MATH 262: Test 1

MATH 262, Review for Midterm Test 2

Test topics

Image and kernel of a linear transformation. Linear span. (3.1)
Linear relations, linear independence, redundant vectors (3.2)
Basis of a subspace (3.2)
The dimension of a subspace of Rⁿ (3.3)
Coordinates. Matrices of linear transformations (3.4)
Similar matrices (3.4)
Vector spaces. Subspaces. Examples (4.1)
Linear transformations. Isomorphisms (4.2)
Coordinates.

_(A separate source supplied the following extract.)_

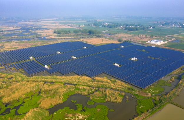 4月19日,位于安徽省固鎮縣王莊鎮釣魚臺村釣魚湖周邊密密麻麻的光伏太陽能電池板正在“收集”陽光,通過航拍鏡頭可以看到,電池板在陽光的照射下閃閃發光。據了解,該項目位于固鎮縣王莊鎮釣魚臺湖灘涂地,占地面積600畝,項目總投資約2億元,釣魚臺湖漁光互補光伏發電項目總裝機容量是20兆瓦,使用多晶硅電池組件77000多塊,采用分塊發電、集中并網方案,所發電量全額并入公共電網。電站運營期內平均年上網電量約為2370萬度,每年僅發電一項就可產生效益2000多萬元。作為全縣首個漁光互補項目,該項目利用現有灘涂地、湖面,上層發電,下層養殖,充分實現土地的綜合利用。

Matrices of linear transformations (4.3; skip "Change of basis")

Objectives/Skills

Know the definitions of vector space, subspace, linear span, independence, basis, dimension, linear transformations, kernels and images and be able to use them in examples
Find redundant vectors in a list of vector-columns
Find the kernel and image given a matrix of a linear transformation
Find a basis of the image and the kernel. Find the dimension.
Find coordinates of a vector in a given basis
Given a matrix of a linear transformation in the standard basis find the matrix in a new basis
Work with other examples of vector spaces besides Rⁿ: matrices, polynomials, complex numbers, sequences, functions.

Key facts

(You need to know the proofs (A), or at least be able to explain the main ideas when asked (C).)

Linear independence can be established by checking for redundant vectors (see 3.2 or, better, lecture notes)
The number of vectors in a basis (Facts 3.3.1, 3.3.2 and 3.3.4)
Rank-nullity theorem (Fact 3.3.7, w/o proof)
Formula x= S c_x for the coordinates (Definition 3.4.1)
How to find a basis of a subspace (Summary 4.1.6)
Properties of isomorphisms (Fact 4.2.4)
Definitions: vector space, subspace, linear span, linear independence, basis, dimension, coordinates, linear transformation, image, kernel, rank, nullity, matrix in a basis, isomorphism, similar matrices
Vector spaces P_n, R^{m x n}, C^∞ (notations).

Review questions

(At the end of each chapter)

Chapter 3: 1-28, 31, 32, 35, 37, 38, 41, 43, 48; Chapter 4: 1-8, 12-16, 18-21, 23, 25-31, 34, 35, 41, 42, 49, 56.

Format of the test

Problems on the test will not be taken from the homework but they will often be similar. You will need to provide a complete solution for each problem, showing all steps. You may get partial credit for solutions that are not completely correct as long as you have the right ideas and explain them. The test will be closed books/notes. A simple scientific calculator (example: TI-30XII) is allowed, but it is not required to answer the questions. Graphing calculators (example: TI-83, 84, 89) may not be used. A number of questions on the test will be simple yes/no type questions, which may be taken from the review exercises in the end of each chapter.